/Single-Threaded-Log-Structured-FUSE-Filesystem

A single-threaded log-structured filesystem using FUSE

Primary LanguageC

Introduction

In this project, I created a straightforward single-threaded log-structured filesystem using FUSE (Filesystem in Userspace). FUSE lets regular users build their own file systems without needing special permissions, opening up new possibilities for designing and using file systems. Your filesystem will handle basic tasks like reading, writing, making directories, deleting files, and more.

Background

FUSE

FUSE (Filesystem in Userspace) is a powerful framework that enables the creation of custom filesystems in user space rather than requiring modifications to the kernel. This approach simplifies filesystem development and allows developers to create filesystems with standard programming languages like C, C++, Python, and others.

To use FUSE in a C-based filesystem, you typically define callback functions for various filesystem operations such as getattr, read, write, mkdir, and more. These functions are registered as handlers for specific filesystem actions and are invoked by the FUSE library when these actions occur.
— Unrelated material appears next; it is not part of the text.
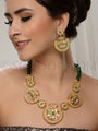 Whether gracing a special occasion or enhancing your everyday style, this Necklace Set with Earrings is designed to captivate. The combination of gold finish, Kundan, and red-green jade stones creates a versatile and enchanting accessory that effortlessly enhances your unique style.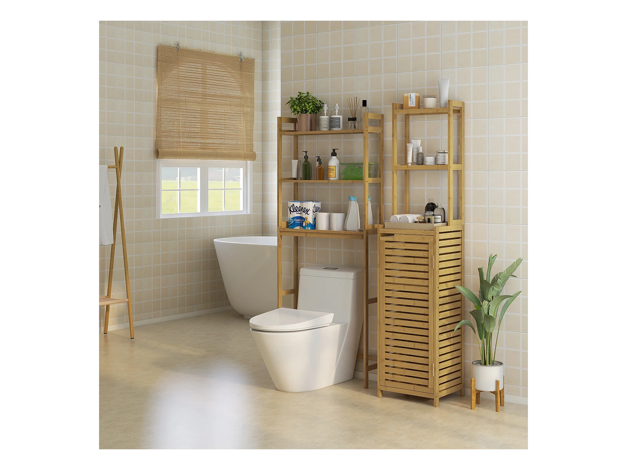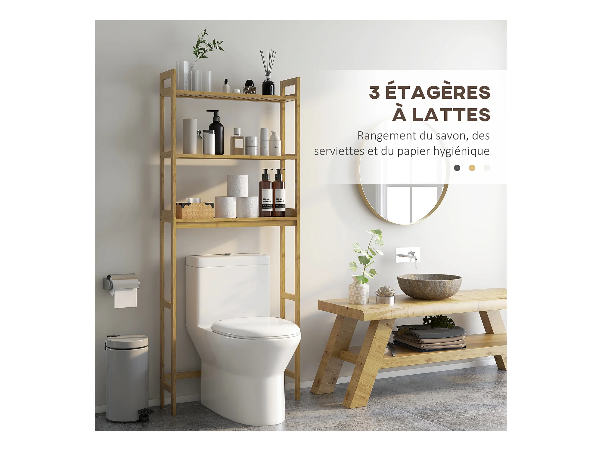 Étagère de toilettes WC 3 niveaux style cosy bambou

Here's an example demonstrating how to register a getattr function in a basic FUSE-based filesystem:

#define FUSE_USE_VERSION 30
#include <fuse.h>
#include <stdio.h>
#include <string.h>
#include <errno.h>

static int my_getattr(const char *path, struct stat *stbuf) {
    // Implementation of getattr function to retrieve file attributes
    // Fill stbuf structure with the attributes of the file/directory indicated by path
    // ...

    return 0; // Return 0 on success
}

static struct fuse_operations my_operations = {
    .getattr = my_getattr,
    // Add other functions (read, write, mkdir, etc.) here as needed
};

int main(int argc, char *argv[]) {
    // Initialize FUSE with specified operations
    // Filter argc and argv here and then pass it to fuse_main
    return fuse_main(argc, argv, &my_operations, NULL);
}

This code demonstrates a basic usage of FUSE in C. The my_getattr function is an example of a callback function used to retrieve file attributes like permissions, size, and type. Other functions (like read, write, mkdir, etc.) can be similarly defined and added to my_operations.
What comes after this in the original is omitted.